While trolling the 'net today I stumbled onto an interesting article on Pez news about Chris Hoy.  Interesting to see the gear choices in particular.  Chris says he's running 52x14, or 100.3 gear inches, for pretty-much all his racing.  Compare that to the gears Gary Neiwand rode at Sydney in 2000 (92") back in the Charlie Walsh days.  Looking at pictures of Hoy, he has the leg muscle to push that sort of a big gear and be able to accelerate it.  Probably not as snappy as Neiwand on 92", but his top speed is less limited by cadence, and more by sheer horsepower, and if you watch how Hoy races, he's got a very long sprint (he's been the kilo world champ after all) and he rides away from the front of keirins.  Strong ...

Roady sprinters often sprint in 53x12 (119") or bigger, but they don't have to start from slow speeds to do it, so don't have to worry about the huge amount of torque required to get such large gears up to speed, they have leadout trains and they generally have spindly legs by comparison to track sprinters.  If you put Sean Eadie next to Robbie McEwen, for example, the difference is ... significant.  One of the riders who contested the sprint at the Australian titles a year or so ago peaked at a feeble 1350 or so watts, and that was a top 3 position at the nationals out at Buninyong.

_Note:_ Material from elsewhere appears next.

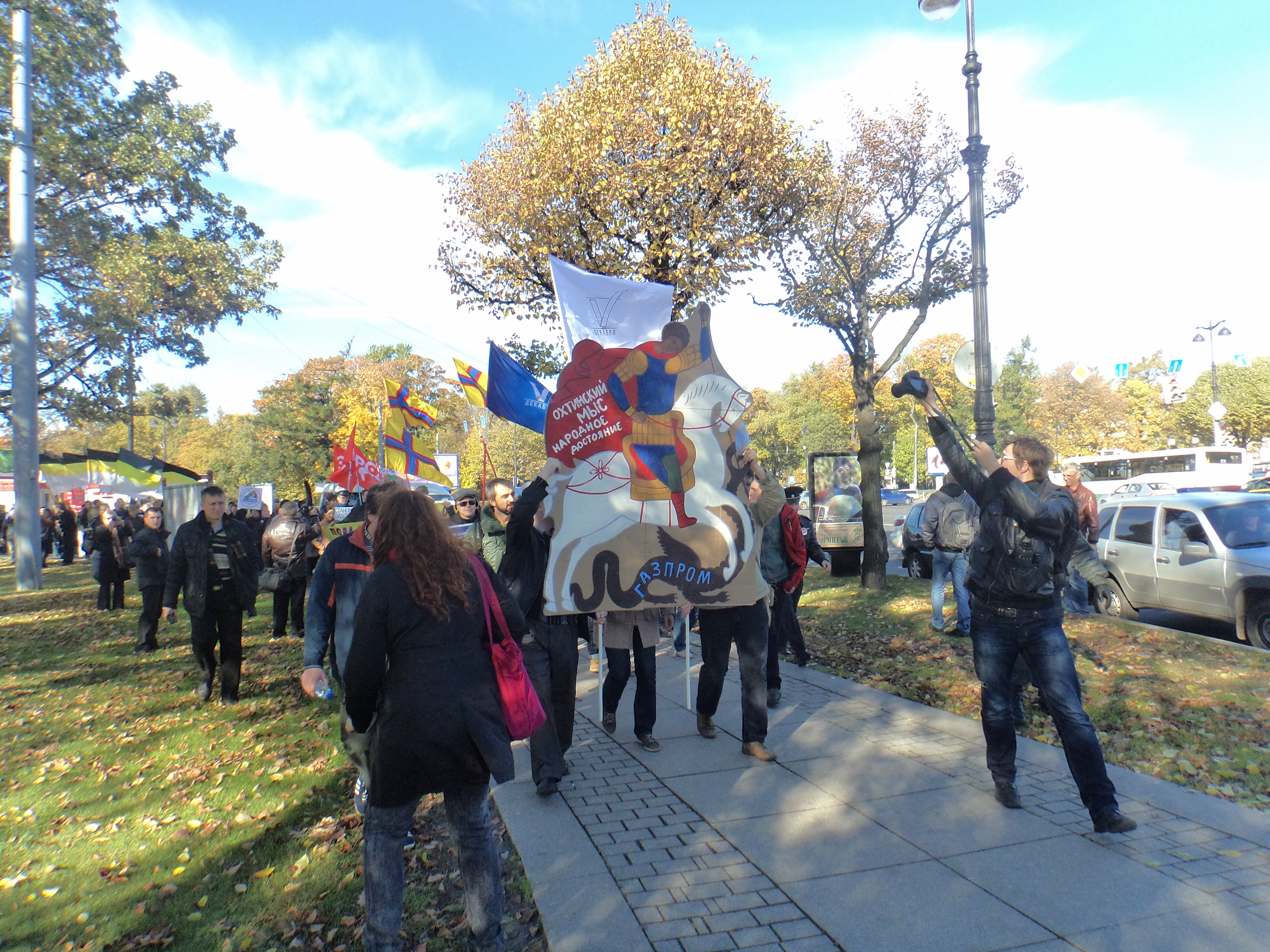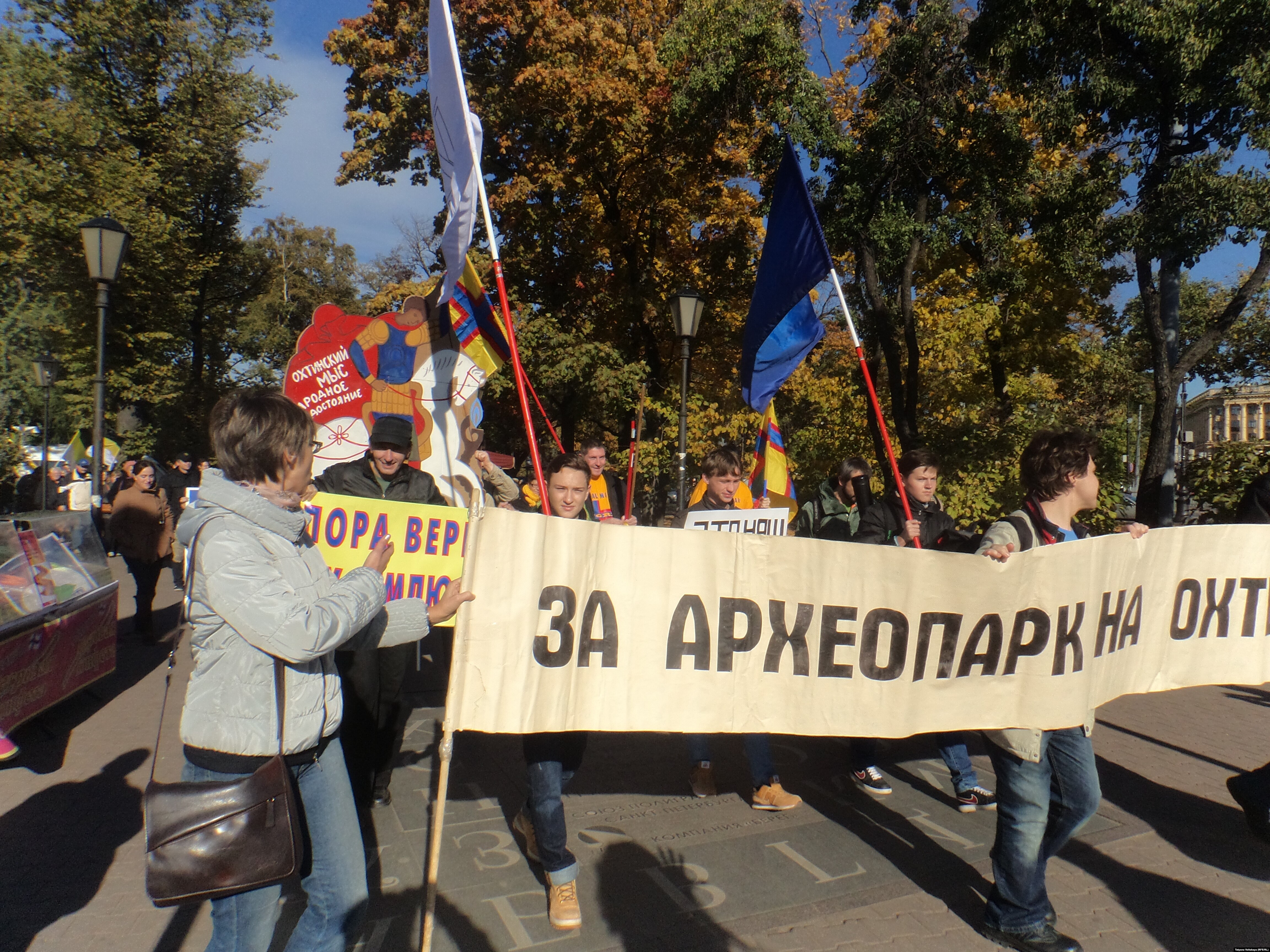 "За археопарк на Охте!" – такие слова были написаны на растяжке впереди колонны Марша за сохранение Петербурга. Возможное уничтожение ценнейших археологических находок на Охте возмущает петербуржцев. Первоначально марш хотели сделать более масштабным – пройти от Большого концертного зала "Октябрьский" по Литейному и Мойке, с тем чтобы устроить митинг на Конюшенной площади, но власти согласились только на усеченный вариант шествия – от метро "Горьковская" через Троицкий мост на Марсово поле. Это устроило не всех защитников города – часть из них предпочла выстроиться в одиночных пикетах на Невском проспекте с плакатами, на которых обозначены "горячие" точки – то есть дома, которые вот-вот могут снести. Остальные все-таки пришли к "Горьковской" с плакатами "Руки прочь от нашей истории", "Охтинский мыс – народное достояние!", "Против застройки Гавани", "Это наш город!".Хотя Марш в защиту Петербурга уже стал традиционным, но в этом году у него образовалось сразу несколько новых серьезных поводов. Во-первых, активизировались действия чиновников по осуществлению плана реконструкции центра города, этот план грозит не только потерей многих памятников и разрушением исторической среды, но и выселением коренных петербуржцев на окраины, поскольку в существующих проектах никак не прописаны гарантии возвращения собственников жилья в свои квартиры после капитального ремонта домов. Тревога по поводу этой проблемы прозвучала на митинге в выступлениях депутатов – Бориса Вишневского и Алексея Ковалева. Во-вторых, власти так и не расстались с мыслью застроить Охтинский мыс, где сделаны уникальные археологические находки, названные специалистами "Русской Троей", так что остатки древних крепостей могут погибнуть под ножами бульдозеров. И, наконец, несмотря на громкие заявления губернатора Георгия Полтавченко о том, что на снос исторических зданий будет наложен мораторий, сносы в последнее время участились, причем все попытки привлечь девелоперов к ответственности через суд заканчиваются победой нарушителей закона.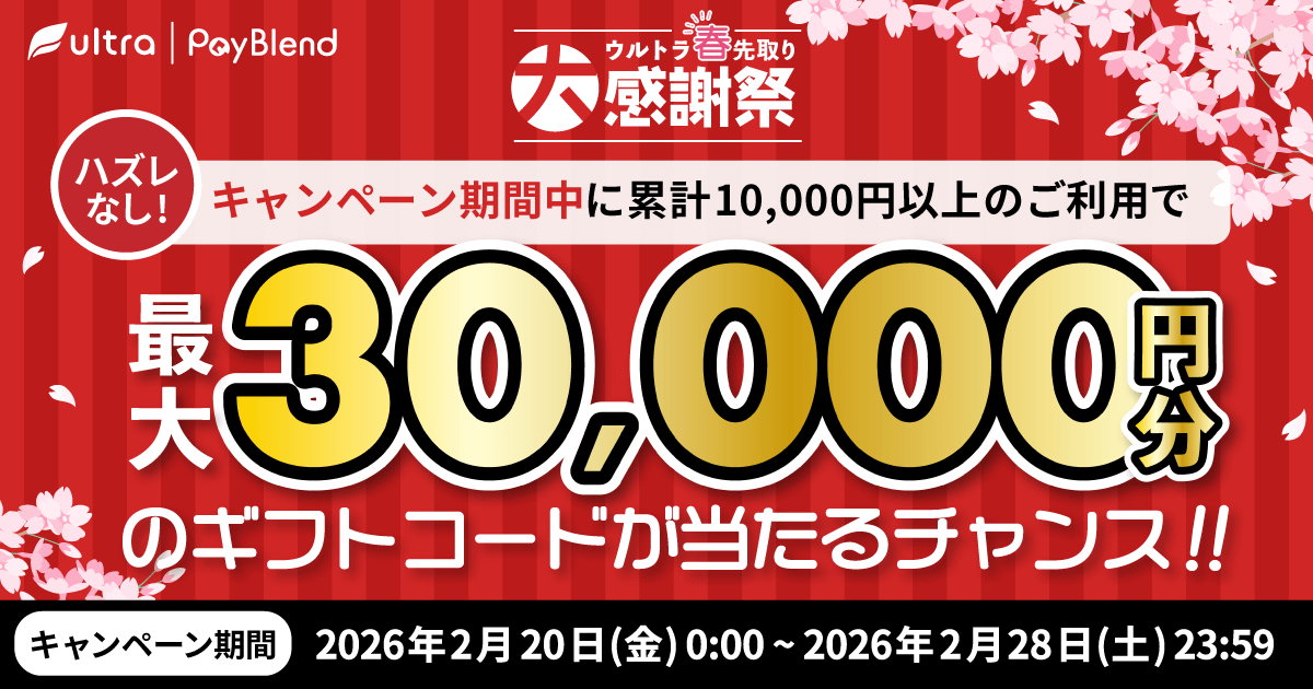 PayBlend キャンペーン規約:https://payblend.ultra-pay.co.jp/service/campaign/1495/

I wonder if bigger gears for track sprinters favour those of us who are a bit older, it's generally accepted that as we get older our peak power drops due to less nerve innervation into muscles, but strength doesn't drop so much, perhaps this means that the older we are the more we gain from using bigger gears, thus relying on torque moreso than high-rpm power?  My experience recently suggests that I'm faster on bigger gears, my F200 on 98" was significantly faster than when I rode it on 91.8".  Then again, some riders are great at spinning like the clappers and they're well into their 40's.  The 'ideal range' for RPM vs power seems to be around 120-130 rpm for most of the riders I've tested on the Powertap.  Once you get above that power drops off reasonably quickly.  Picking the gear that lets you use your peak power is going to help.